Reputation: 4200
As part of a function, I get the input of date and time plus time zone in the format "[YYYY]-[MM]-[DD]T[HH]:[MM]:[SS]+[XXXX]"
(with XXXX being the difference to UTC in HHMM) and need the date and time as a Unix time stamp.
I'm currently using time.mktime([CONVERTED TIME])

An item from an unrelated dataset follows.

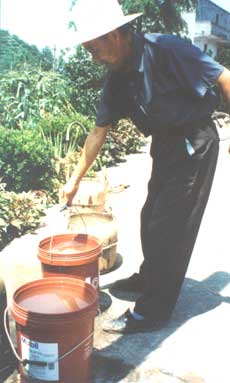 A farmer in Yichang, Hubei Province, fetches murky water and lets it silt for drinking in this July 7, 2004 file photo. China plans to provide safe and clean drinking water to all by 2020. [newsphoto]
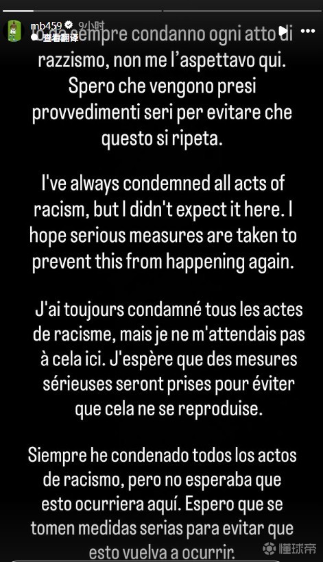 在阿联酋比赛时遭遇种族歧视,巴洛特利:不能容忍这种行为 足球新闻 2026-02-13 01:34 北京时间2月12日凌晨,巴洛特利在社交媒体上发表动态,控诉自己在阿联酋遭遇种族歧视。巴洛特利表示,他在对阵迪拜城的比赛中遭遇了种族歧视:“今天,在一场比赛中,我多次成为种族歧视侮辱的对象,有人多次对我说:‘呜呜呜,去吃香蕉吧’。在足球或社会中,绝对没有种族歧视的容身之地。”“这种行为不能被正常化、合理化或忽视。我想公开谈论这件事,以提高公众的意识,不仅仅是为了我自己,也为了每一个遭受过这种对待的球员,够了。” 上一条:孔帕尼:我们本可进更多球 拜仁全员健康在未来两个月是巨大优势 下一条:三场踢了13-1!海纳:莱比锡显然是强队 拜仁一直梦想重夺德国杯

but end up with TypeError: function takes exactly 9 arguments (6 given)
. It seems like a lot of effort to program something for the arguments of 'weekday' etc. for time.mktime
, so I'm sure there's a better way which I just didn't find yet.
How else can this be done?
Upvotes: 1
Views: 1562
Reputation: 49794
This is a ISO 8601 compliant timestamp. There are various libraries which can help with these. But is your case, for a fixed format, you can use Python's dt.datetime.strptime
and datetime.timedelta
to calculate the seconds since epoch like:
def epoch_seconds_from_iso_8601_with_tz_offset(iso_8601):
""" Convert ISO 8601 with a timezone offset to unix timestamp """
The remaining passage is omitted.